■ Data shown ■

○ ○ ○ ○ ○ ○ ○

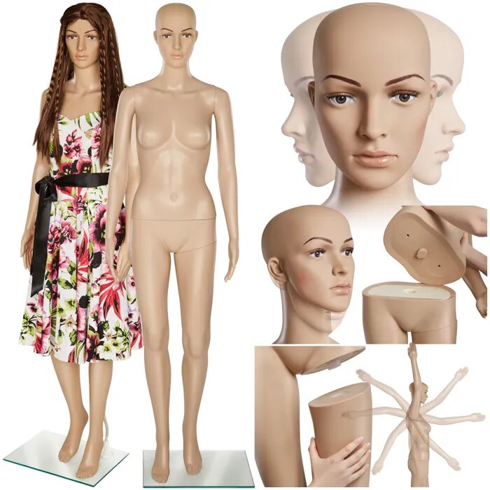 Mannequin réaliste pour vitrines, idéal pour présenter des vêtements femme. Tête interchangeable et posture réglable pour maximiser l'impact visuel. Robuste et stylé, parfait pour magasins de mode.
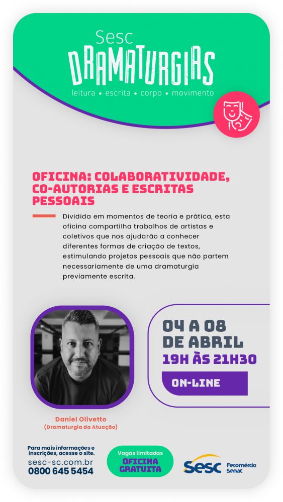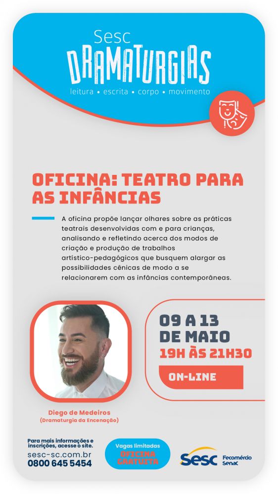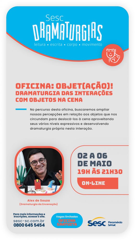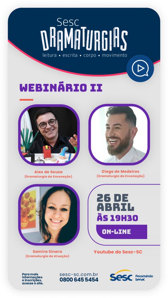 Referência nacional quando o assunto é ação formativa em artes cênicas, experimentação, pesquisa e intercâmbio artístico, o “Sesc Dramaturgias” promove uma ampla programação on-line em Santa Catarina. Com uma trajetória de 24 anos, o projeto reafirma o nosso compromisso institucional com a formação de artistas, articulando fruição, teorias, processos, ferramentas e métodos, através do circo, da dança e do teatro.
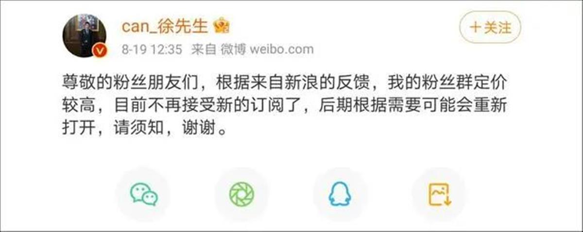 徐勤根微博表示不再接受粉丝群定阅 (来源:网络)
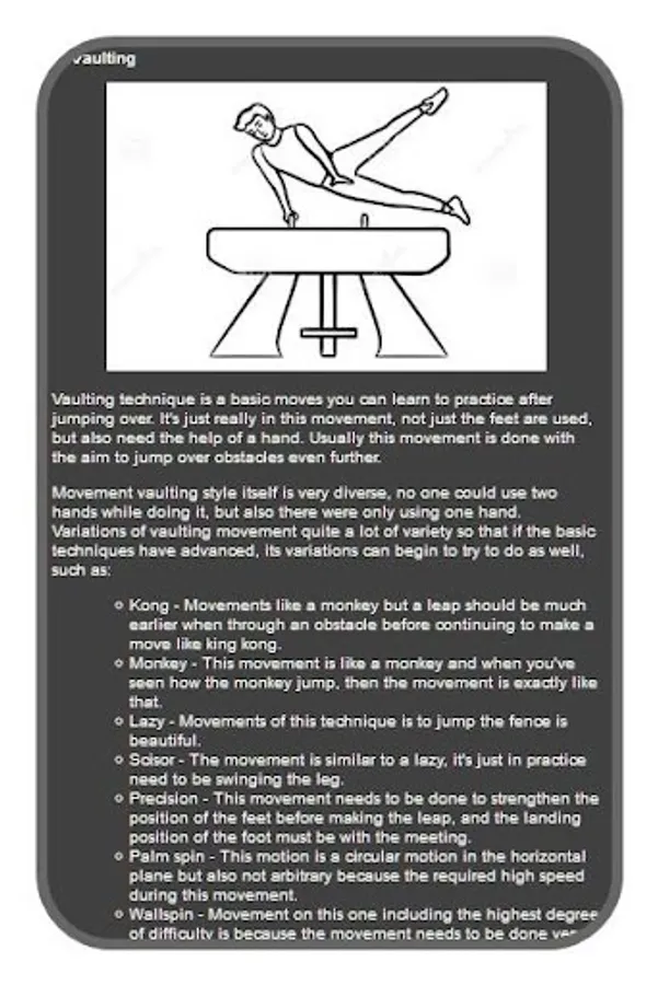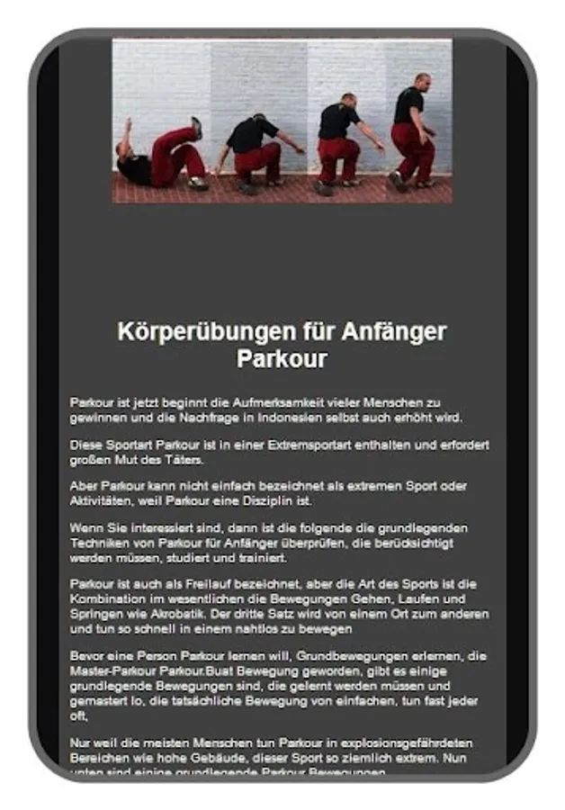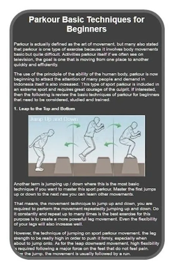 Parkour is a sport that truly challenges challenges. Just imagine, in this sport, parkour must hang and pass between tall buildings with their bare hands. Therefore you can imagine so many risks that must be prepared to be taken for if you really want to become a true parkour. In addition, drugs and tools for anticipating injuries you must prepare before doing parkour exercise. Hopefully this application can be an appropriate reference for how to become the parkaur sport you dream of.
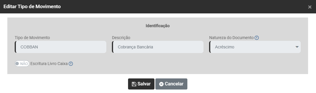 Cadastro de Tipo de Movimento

○ ○ ○ ○ ○ ○ ○

■ Problem to solve ■
Write out the records above once more, word for word, with no pictures.

■ Response below ■
 Mannequin réaliste pour vitrines, idéal pour présenter des vêtements femme. Tête interchangeable et posture réglable pour maximiser l'impact visuel. Robuste et stylé, parfait pour magasins de mode.
 Referência nacional quando o assunto é ação formativa em artes cênicas, experimentação, pesquisa e intercâmbio artístico, o “Sesc Dramaturgias” promove uma ampla programação on-line em Santa Catarina. Com uma trajetória de 24 anos, o projeto reafirma o nosso compromisso institucional com a formação de artistas, articulando fruição, teorias, processos, ferramentas e métodos, através do circo, da dança e do teatro.
 徐勤根微博表示不再接受粉丝群定阅 (来源:网络)
 Parkour is a sport that truly challenges challenges. Just imagine, in this sport, parkour must hang and pass between tall buildings with their bare hands. Therefore you can imagine so many risks that must be prepared to be taken for if you really want to become a true parkour. In addition, drugs and tools for anticipating injuries you must prepare before doing parkour exercise. Hopefully this application can be an appropriate reference for how to become the parkaur sport you dream of.
 Cadastro de Tipo de Movimento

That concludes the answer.